This serves as the canvas on which we create the flowmap. The obvious next step, of course, is to add the flows. To add all the connections between the districts, we can use the add_flowmap() function. This function takes the origin-destination data and the coordinates of the nodes, and it adds the flows to the plot.

zones_madrid_plot_1 <-
  zones_madrid_plot |>
  add_flowmap(
    od = total_flow_counts_m,
    nodes = zones_madrid_coords_4326,
  )
zones_madrid_plot_1

Basic flowmap with many overlapping lines

As we can see, it is very difficult to interpret the flow map when all flows are plotted. The lines overlap and it is hard to see the individual flows.

3.2 Making a pretty flowmap

Clearly, there are many ways we can improve this map.

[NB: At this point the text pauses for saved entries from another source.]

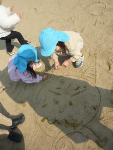 大好きなアンパンマンの絵を描いたり、節分が近いこともあり、鬼の絵を描いたりして楽しんでいました🤗保育士も鬼を描いていると、そこに子ども達が髪の毛を描き加えてみたり、集めた葉や枝を顔のパーツにしてみたりと、拾い集めた物を活用しながら遊ぶ姿が見られました😄💛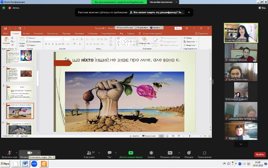 15 березня 2023 року на запрошення докт. філос. н., доц., завідувачки кафедри загальнонаукових соціальних та поведінкових дисциплін Алли Нерубаської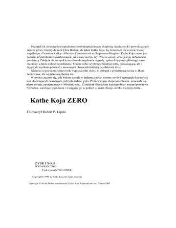 Początek lat dziewięćdziesiątych przyniósł niespodziewaną eksplozję drapieżnych i prowokujących pisarzy grozy. Należy do nich Clive Barker, ale także Kathe Koja. Jej twórczość ma o wiele więcej wspólnego z Franzem Kafką i Albertem Camusem niż ze Stephenem Kingiem. Kathe Koja znana jest polskim czytelnikom z takich książek, jak Urazy mózgu czy Dziwne anioły. Zero jest jej debiutancką powieścią. Zdobyła nią wszystkie możliwe do uzyskania nagrody, aplauz krytyków głównego nurtu literatury, a także miłość czytelników. Trudno sobie wyobrazić bardziej ostrą, prowokującą, ale i dającą do myślenia powieść o mrocznych obszarach ludzkiej psychiki niż Zero. Nicholas to poeta oraz pracownik wypożyczalni video, to chłopak z przedziwną dziurą w dłoni, bezkrwawą, ale wypełnioną plazmą łez. Wszystko zaczęło się, gdy Nakota ujrzała w jednym z pokoi ciemny otwór i zapragnęła kochać się tam, docierając do sekretnych, pełnych nadziei głębi. Postanawiając eksperymentować, umieściła najpierw owada, a potem mysz w Nibydziu-rze... Z otchłani Nibydziura każdego dnia i nocami przyzywa Nicholasa, zarażając jego duszę i wciągając go w podróż w świat obsesji, mroku i ślepego trafu... Kathe Koja ZERO Tłumaczył Robert P. Lipski ZYSK I S-KA WYDAWNICTWO Tytuł oryginału THE C1PHER Copyright© 1991 by Kathe Koja AU rights reserved Copyright © for the Polish translation by Zysk i S-ka Wydawnictwo s.c. Poznań 2000 Opracowanie graficzne serii i projekt okładki Lucyna Talejko-Kwiatkowska Fotografia na okładce Piotr Chojnacki Redaktor serii Tadeusz Zysk Redakcja Anna Poniedziałek Wydanie I ISBN 83-7150-581-7 Zysk i S-ka Wydawnictwo s.c. ul. Wielka 10,61-774 Poznań tel. (0-61) 853 27 51, 853 27 67, fax 852 63 26 Dział handlowy, ul. Zgoda 54. 60-122 Poznań tel. (0-61)864 14 03,864 14 04 e-mail: [email protected] nasza strona: www.zysk.com.pl DRUKARNIA GS Kraków, tel. (012) 65 65 902 Chciałabym podziękować Rickowi Liederowi, Russowi Galenowi i Jeanne Cavelos za ich pomoc Jednego pragnę być balsamem na ranę rozpuszczonym twoją śliną — Shikatsube No Magao Świadomość czy podświadomość w realnym świecie to bez znaczenia — Rick Lieder 1 Nakota dostrzegła to pierwsza: długie, chude nogi podkulone pod brzydką spódnicą, szerokie usta wykrzywione w dziwnym nie-uśmie-chu. Siedzi w moim paskudnym mieszkaniu na drugim piętrze, skulona na tanim, szpetnym sklepowym krześle, przez okno za jej plecami wpływają promienie słońca, nieśmiałe i szare jak brudne futro, ożywiają ją, przydając osobliwej, roziskrzonej aury. Wokół nas szczątki niedawnej dyskusji, pogniecione puszki po piwie i skradziona z knajpy popielniczka, z której wysypuje się góra petów. — Słyszałeś o czarnych dziurach? — zapylała. — Wiesz, tych w kosmosie? Wielkie, czarne odbyty — i wybuchnęła śmiechem, ukazując małe ząbki, ostre jak u lisa, ani białe, ani żółtawe, jak u większości ludzi, lecz sinawe, jakby zżerała je od środka jakaś bliżej nieokreślona zaraza. Nakota zgnije inaczej niż reszta ludzi; sama zresztą tak o sobie mówi. Zapaliła papierosa. Była jedyną z moich przyjaciółek, która wciąż paliła; robiła to nie w wyzywający ani przesadnie teatralny sposób, paliła podobnie jak oddychała, choć nie tak często. Czarne papierosy i oranżada. 1 To jak? Dotkniesz jej dzisiaj? 2 Nie. Kolejny dziwny nie-uśmiech. 3 Tchórz. 4 Wcale nie — odparłem. 5 Tchórz pospolity. Nie powiedziałem nic więcej. Wróciłem do kuchni. Wziąłem sobie mineralkę. Piwo było zbyt mocno schłodzone, picie go sprawiało ból. Kiedy wróciłem do salonu, a raczej tego, co mogło zań uchodzić — wielkie okna, nieduża przestrzeń, tapczan i nędzne krzesło — uśmiechnęła się do mnie, tym razem prawdziwie i szczerze. Czasami wydawało mi się, że byłem jedynym człowiekiem, który kiedykolwiek dostrzegał jej piękno, który kiedykolwiek je dostrzegł. Bóg mi świadkiem, nie było to łatwe, ale wychwytywałem każdy najdrobniejszy szczegół. — Przyjrzyjmy się jej —powiedziała. Nie próbowałem oponować. Cicho — nauczyliśmy się robić to w ciszy — w dół po schodach, na pierwszym podeście w prawo (pierwsze piętro) obok nowego graffiti głoszącego, że „LEESA TO KORWA" (naturalnie bez numeru telefonu, dzięki i za to, tandecia-rze) i mnóstwa innych blednących wraz z upływem czasu wymyślnych napisów, aż do końca korytarzyka, gdzie znajdowało się coś, co mogło pełnić funkcję składziku. Butelki detergentów, narzędzia, cała masa najróżniejszego szajsu, oto co widać po otwarciu drzwi, a nieco dalej to miejsce, ta przestrzeń. Powłoka kurzu wokół niej wydaje się bledsza i łatwiejsza do rozproszenia. Oto Nibydziura. — Cholera — rzekła Nakota, jak zawsze ze zdumieniem i prze jęciem. Uklękła bliżej niż ja kiedykolwiek, pochyliła się nisko i oparła na wyprostowanych rękach, wpatrując się w dziurę, patrząc w głąb niej. Wydawało się, że mogła tak klęczeć cały dzień mimo bolesnej pozycji, ona jednak w ogóle nie czuła bólu. tylko gapiła się i gapiła bez końca. Zająłem miejsce nieco z tyłu za nią, po lewej, pogrążony w pełnej uniesienia ciszy. Cóż tu mówić w obliczu niewypowiedzianego? Czerń, nie ciemność ani brak światła, ale żyjąca czerń. Stopa, może trochę więcej średnicy. Czysta czerń i wrażenie pulsowania, zwłaszcza gdy wpatrywałeś się w nią długo i zawzięcie, uczucie nie tyle czegoś żyjącego, ale żywego, ba. nawet nie czegoś, lecz raczej jakiegoś procesu. Królicza nora, jakaś dziwna, popierdolona kraina czarów. Znajdź teraz dziewczynkę imieniem Alicja, obwiąż ją sznurkiem i... Już o tym rozmawialiśmy i będziemy rozmawiać znowu, zapewne jeszcze dzisiejszego wieczoru. Nakota usiądzie w typowy dla siebie sposób, z wyprostowanymi plecami, niczym kapłanka, a ja zabiorę się do tworzenia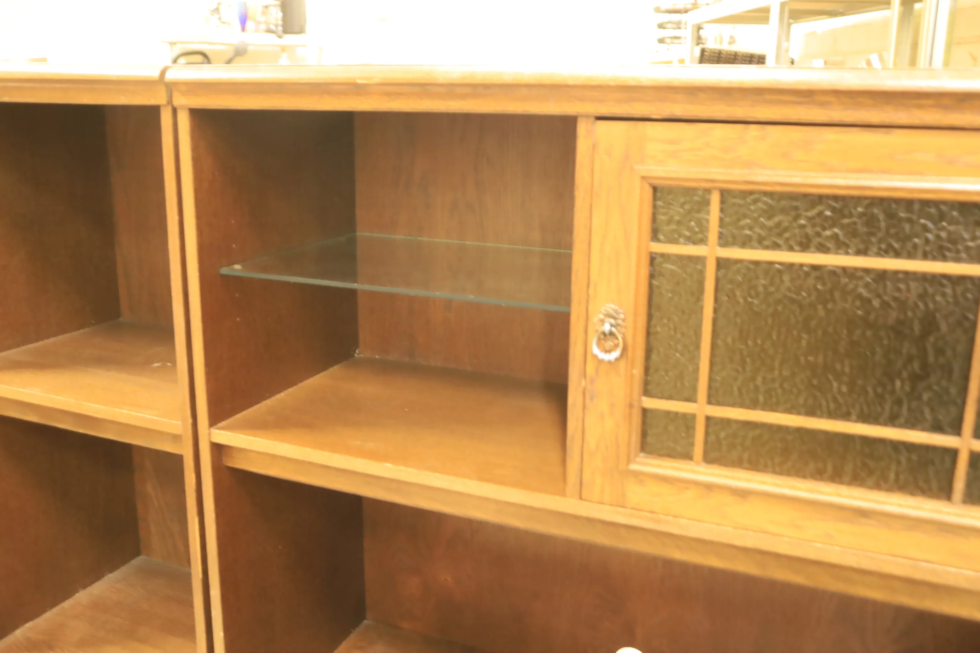 Bohylla 60 - 70 tal i tre sektioner, 251 cm lång x 40 cm djup 148 cm hög (hela), sido sektionerna är 100 cm långa och mitten sektionen är 51 cm.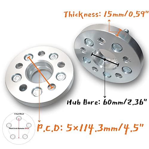 Distanziali Ruote Auto per Lexus HS ES IS RC GS SC UX NX RX LFA GS F Distanziali per Ruote Auto 5 Lug PCD 5X114.3 15MM 20MM Distanziali Ruote (Color: 2PCS 15mm)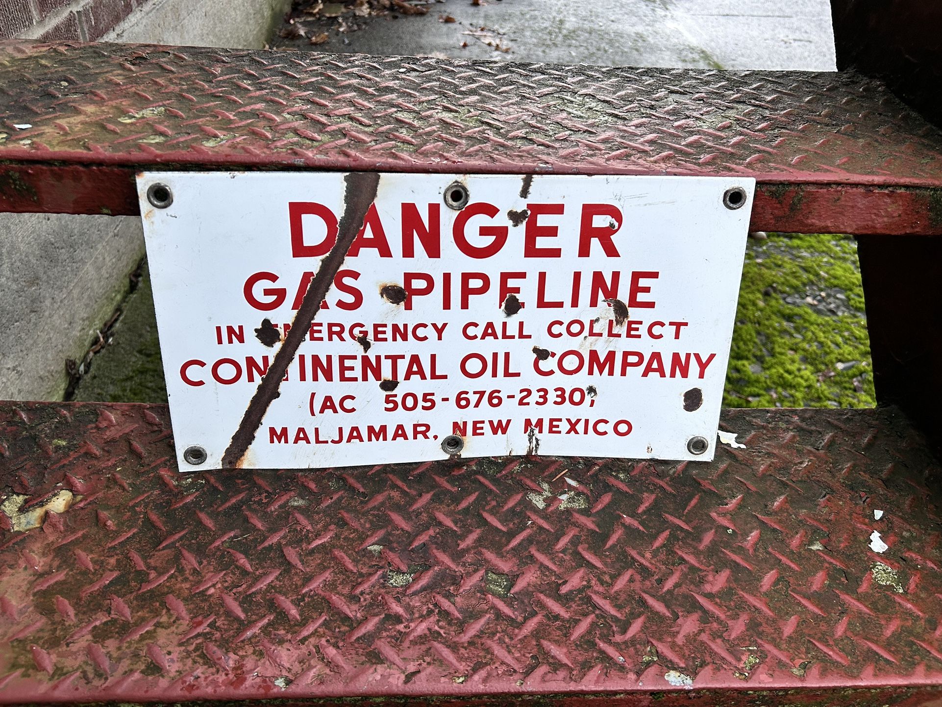 Vintage danger, porcelain sign Emergency, Continental oil, gas pipeline New Mexico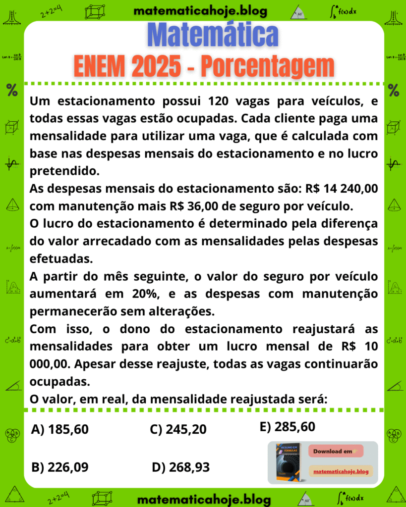 Nesta questão do ENEM 2025, um estacionamento possui 120 vagas, todas ocupadas, e o dono precisa reajustar a mensalidade após um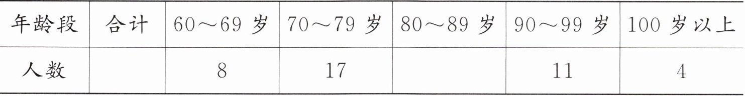 |年龄段|合计|60~69 岁|70~79 岁|80~89 岁|90~99 岁|100 岁以上|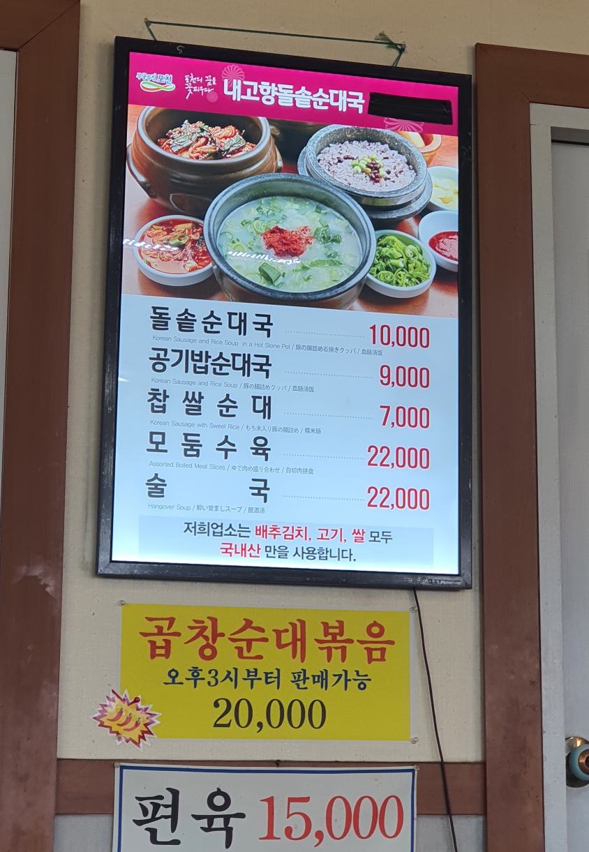 포천 찐, 현지인 맛집 내고향 돌솥 순대국을 먹어보았습니다.

3.2.1 Aggregating nodes into clusters

To reduce the number of connections, and make the flow map more interpretable, we can cluster the nodes. This means that we hierarchically merge nearby nodes into clusters, and we only show the flows between the clusters. This reduces the number of lines in the plot and makes it easier to see the overall patterns.

In flowmapper, this is done by specifying the parameter k_nodes, where k is the number of nodes that should remain after clustering.

The choice of k depends on the distribution of the nodes, the size of the map, and the desired visual effect. In our experience, a number between 10 and 30 works fine for general visualizations.

zones_madrid_plot_2 <-
  zones_madrid_plot |>
  add_flowmap(
    od = total_flow_counts_m,
    nodes = zones_madrid_coords_4326,
    k_nodes = 10
  )
zones_madrid_plot_2

3.2.2 Changing the visuals of the nodes and edges

We can also change the visuals of the nodes and edges. add_flowmap() accepts a wide range of arguments. For example, we can change the color of the edges, the width of the edges, and the color of the nodes. We can also add a legend to the plot.

# add the flows
zones_madrid_plot |>
  add_flowmap(
    od = total_flow_counts_m,
    nodes = zones_madrid_coords_4326,
    outline_col = "NA",
    edge_width_factor = 0.8,
    add_legend = "right",
    legend_gradient = TRUE,
    k_nodes = 25
  ) +
  scale_fill_gradient(
    low = "#FABB29",
    high = "#AB061F"
  )

3.2.3 Adding a raster base map

We can use the basemaps package to add a raster base map to the flow map. This can help to provide context to the flow map and make it more visually appealing.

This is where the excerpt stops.